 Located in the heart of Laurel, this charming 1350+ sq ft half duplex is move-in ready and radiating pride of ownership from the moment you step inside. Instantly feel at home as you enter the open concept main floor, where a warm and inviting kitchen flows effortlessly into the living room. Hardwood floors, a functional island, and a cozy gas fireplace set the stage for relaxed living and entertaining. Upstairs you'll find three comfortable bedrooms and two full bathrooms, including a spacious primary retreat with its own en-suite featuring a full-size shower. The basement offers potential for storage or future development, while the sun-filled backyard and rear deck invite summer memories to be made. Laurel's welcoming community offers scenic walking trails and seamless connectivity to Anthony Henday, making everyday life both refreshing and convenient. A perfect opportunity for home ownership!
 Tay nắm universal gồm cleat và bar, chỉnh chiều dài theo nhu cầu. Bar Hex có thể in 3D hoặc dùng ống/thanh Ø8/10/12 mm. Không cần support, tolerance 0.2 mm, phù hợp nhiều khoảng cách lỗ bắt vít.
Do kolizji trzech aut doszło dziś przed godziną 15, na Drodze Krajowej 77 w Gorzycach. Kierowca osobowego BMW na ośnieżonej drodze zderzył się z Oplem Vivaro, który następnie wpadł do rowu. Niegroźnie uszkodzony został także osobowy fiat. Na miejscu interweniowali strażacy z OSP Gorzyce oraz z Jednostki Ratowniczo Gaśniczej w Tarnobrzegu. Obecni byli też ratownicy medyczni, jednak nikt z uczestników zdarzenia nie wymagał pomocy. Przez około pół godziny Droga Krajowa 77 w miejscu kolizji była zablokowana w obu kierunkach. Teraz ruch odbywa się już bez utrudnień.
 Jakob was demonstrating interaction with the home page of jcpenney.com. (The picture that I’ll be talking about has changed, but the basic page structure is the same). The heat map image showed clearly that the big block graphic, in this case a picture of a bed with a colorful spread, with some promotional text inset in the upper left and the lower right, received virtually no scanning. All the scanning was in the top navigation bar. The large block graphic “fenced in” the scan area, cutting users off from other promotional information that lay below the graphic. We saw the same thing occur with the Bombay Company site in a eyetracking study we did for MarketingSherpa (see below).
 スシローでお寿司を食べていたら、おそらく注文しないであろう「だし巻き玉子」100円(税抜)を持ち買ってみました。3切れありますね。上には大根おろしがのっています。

* * *

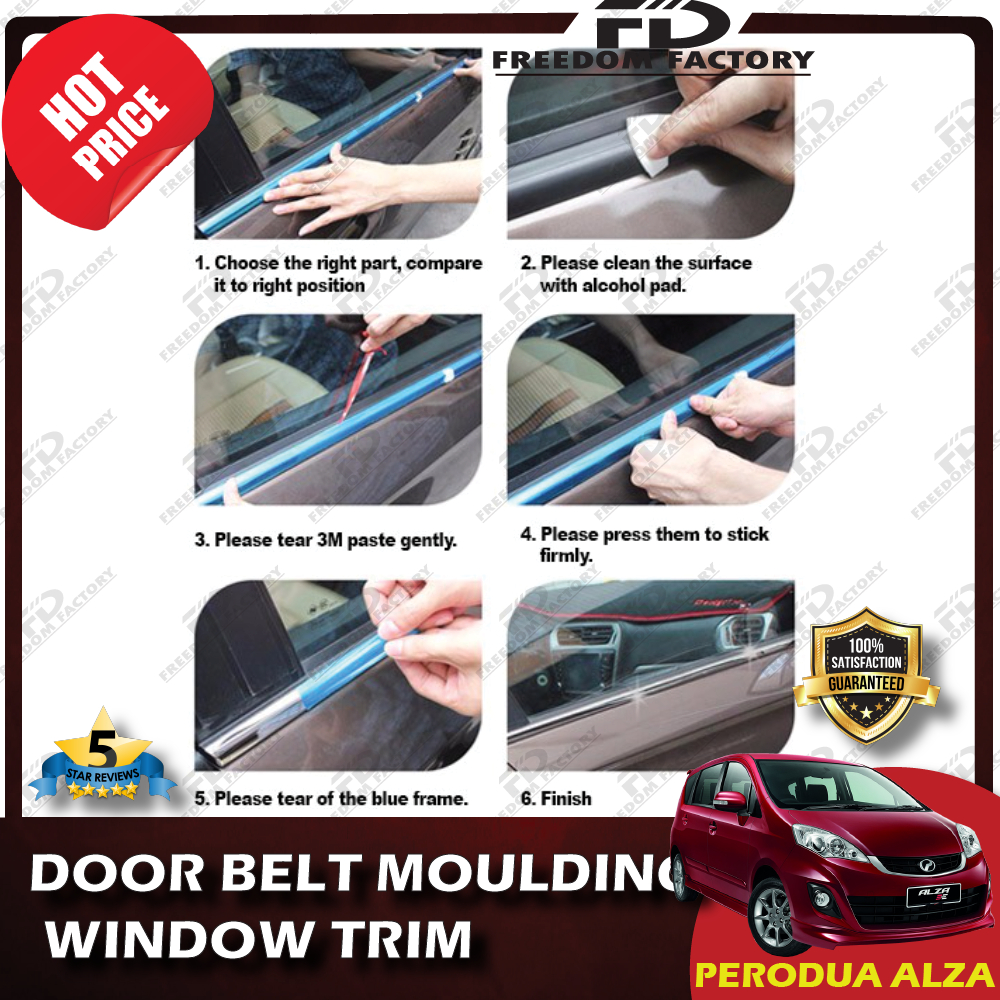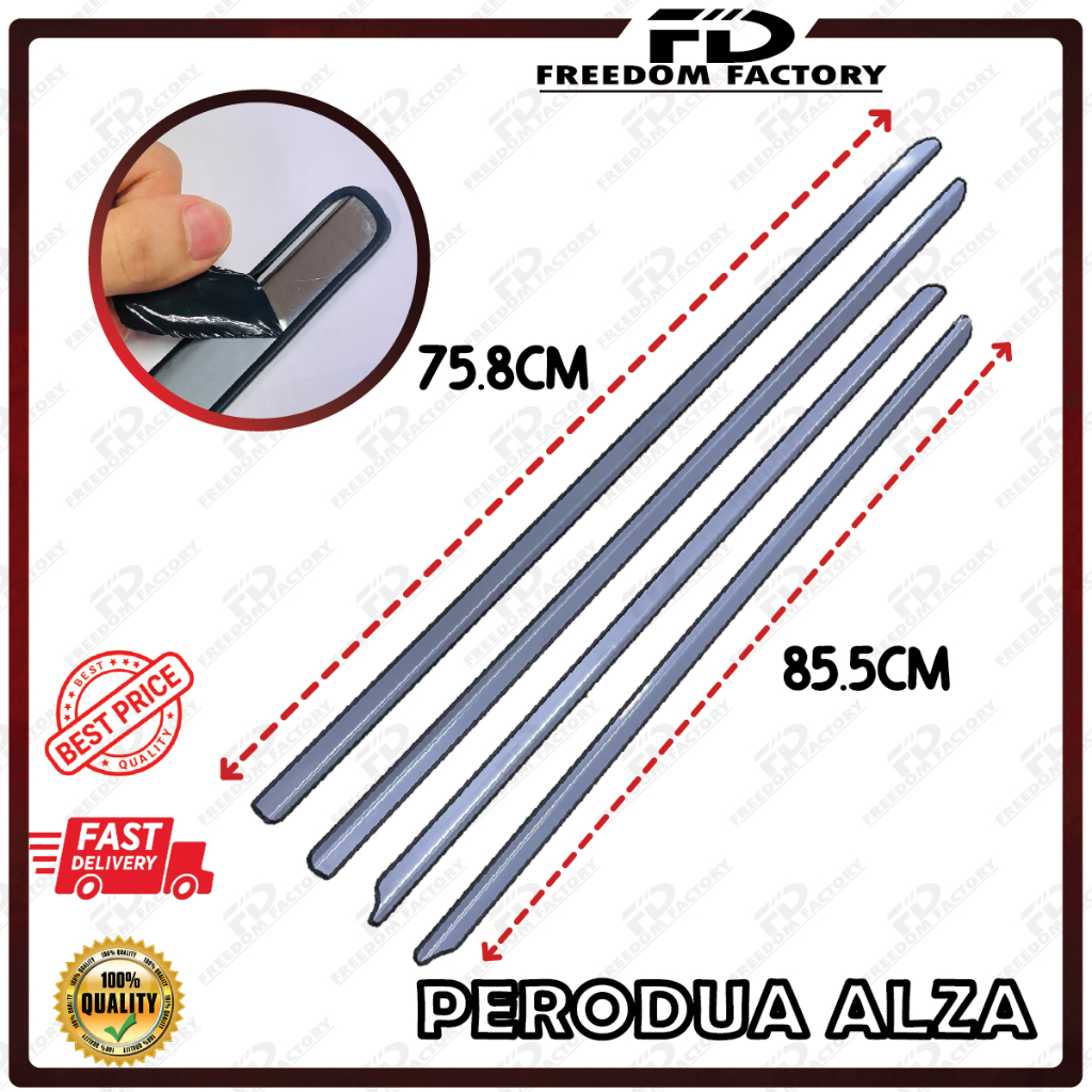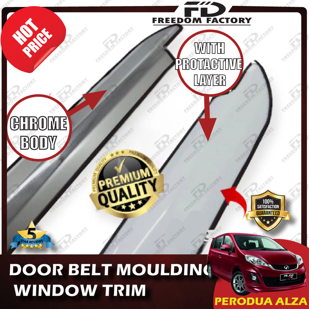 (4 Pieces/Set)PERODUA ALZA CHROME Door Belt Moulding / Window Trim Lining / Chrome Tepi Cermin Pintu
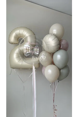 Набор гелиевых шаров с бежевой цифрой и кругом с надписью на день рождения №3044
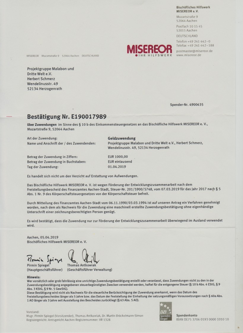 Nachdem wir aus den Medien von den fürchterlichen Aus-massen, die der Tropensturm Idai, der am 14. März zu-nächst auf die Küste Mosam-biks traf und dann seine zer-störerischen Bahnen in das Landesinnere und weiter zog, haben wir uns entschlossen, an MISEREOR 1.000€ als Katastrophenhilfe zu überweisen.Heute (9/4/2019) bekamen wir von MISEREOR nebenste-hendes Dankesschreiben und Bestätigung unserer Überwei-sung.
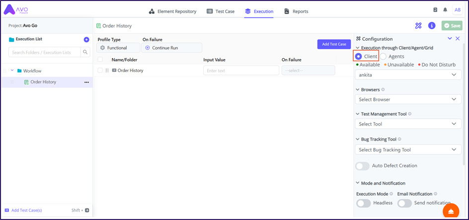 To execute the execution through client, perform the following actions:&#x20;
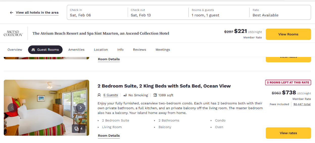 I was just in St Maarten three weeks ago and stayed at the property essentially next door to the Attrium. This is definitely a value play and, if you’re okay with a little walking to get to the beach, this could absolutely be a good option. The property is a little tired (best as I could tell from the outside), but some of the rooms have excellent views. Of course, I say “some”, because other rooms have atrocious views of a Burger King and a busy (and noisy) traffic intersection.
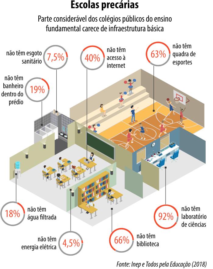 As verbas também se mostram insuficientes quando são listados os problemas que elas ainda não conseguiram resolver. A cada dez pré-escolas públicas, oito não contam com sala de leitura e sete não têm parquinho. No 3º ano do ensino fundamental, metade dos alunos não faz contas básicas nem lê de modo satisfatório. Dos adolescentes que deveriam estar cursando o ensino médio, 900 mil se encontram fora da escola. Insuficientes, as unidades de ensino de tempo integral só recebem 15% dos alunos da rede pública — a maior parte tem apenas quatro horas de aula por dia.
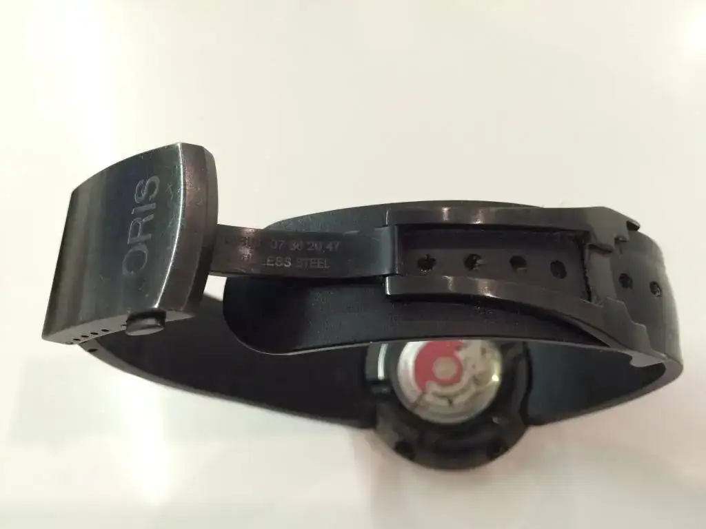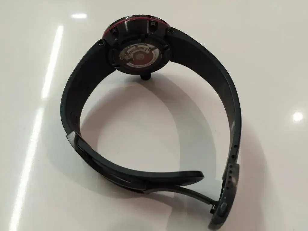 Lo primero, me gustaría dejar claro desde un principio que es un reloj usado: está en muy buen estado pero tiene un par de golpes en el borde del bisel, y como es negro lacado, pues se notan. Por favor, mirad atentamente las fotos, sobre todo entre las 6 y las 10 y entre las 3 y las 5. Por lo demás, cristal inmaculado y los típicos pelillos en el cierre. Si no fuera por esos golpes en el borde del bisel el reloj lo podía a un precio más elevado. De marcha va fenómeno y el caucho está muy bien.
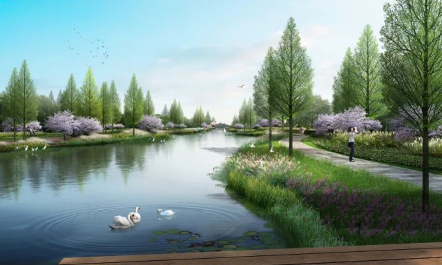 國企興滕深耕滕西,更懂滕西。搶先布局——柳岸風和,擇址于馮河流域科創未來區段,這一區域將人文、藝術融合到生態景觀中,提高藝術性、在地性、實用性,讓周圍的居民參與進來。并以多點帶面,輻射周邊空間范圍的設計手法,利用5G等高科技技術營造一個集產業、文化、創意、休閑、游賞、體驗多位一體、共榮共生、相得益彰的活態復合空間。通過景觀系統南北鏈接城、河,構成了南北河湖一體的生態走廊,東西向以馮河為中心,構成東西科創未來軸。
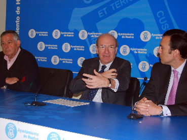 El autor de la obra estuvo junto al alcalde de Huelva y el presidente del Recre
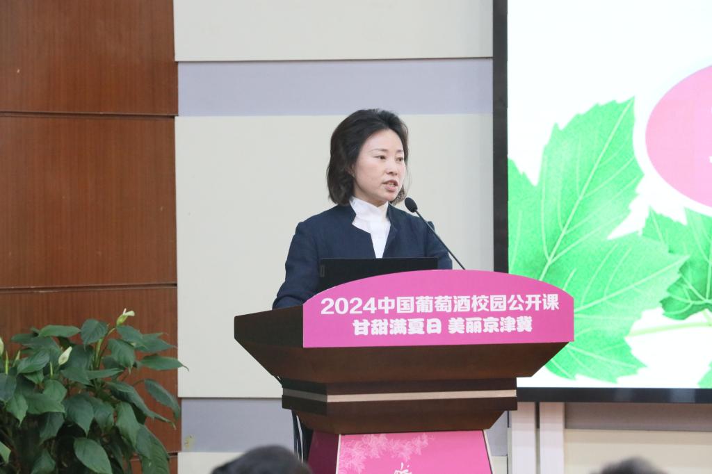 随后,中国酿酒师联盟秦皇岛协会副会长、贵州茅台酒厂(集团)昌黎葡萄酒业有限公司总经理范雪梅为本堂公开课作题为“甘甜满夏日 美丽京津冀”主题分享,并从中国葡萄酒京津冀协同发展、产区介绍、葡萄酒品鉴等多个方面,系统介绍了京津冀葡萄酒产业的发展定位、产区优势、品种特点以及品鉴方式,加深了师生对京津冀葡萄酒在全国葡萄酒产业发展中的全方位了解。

• _What this task involves_: Repeat word for word the lines above that run from the line containing "Located in the" through the line containing "Tay nắm universal", both ends included, and nothing else.

• _Answer box_:
 Located in the heart of Laurel, this charming 1350+ sq ft half duplex is move-in ready and radiating pride of ownership from the moment you step inside. Instantly feel at home as you enter the open concept main floor, where a warm and inviting kitchen flows effortlessly into the living room. Hardwood floors, a functional island, and a cozy gas fireplace set the stage for relaxed living and entertaining. Upstairs you'll find three comfortable bedrooms and two full bathrooms, including a spacious primary retreat with its own en-suite featuring a full-size shower. The basement offers potential for storage or future development, while the sun-filled backyard and rear deck invite summer memories to be made. Laurel's welcoming community offers scenic walking trails and seamless connectivity to Anthony Henday, making everyday life both refreshing and convenient. A perfect opportunity for home ownership!
 Tay nắm universal gồm cleat và bar, chỉnh chiều dài theo nhu cầu. Bar Hex có thể in 3D hoặc dùng ống/thanh Ø8/10/12 mm. Không cần support, tolerance 0.2 mm, phù hợp nhiều khoảng cách lỗ bắt vít.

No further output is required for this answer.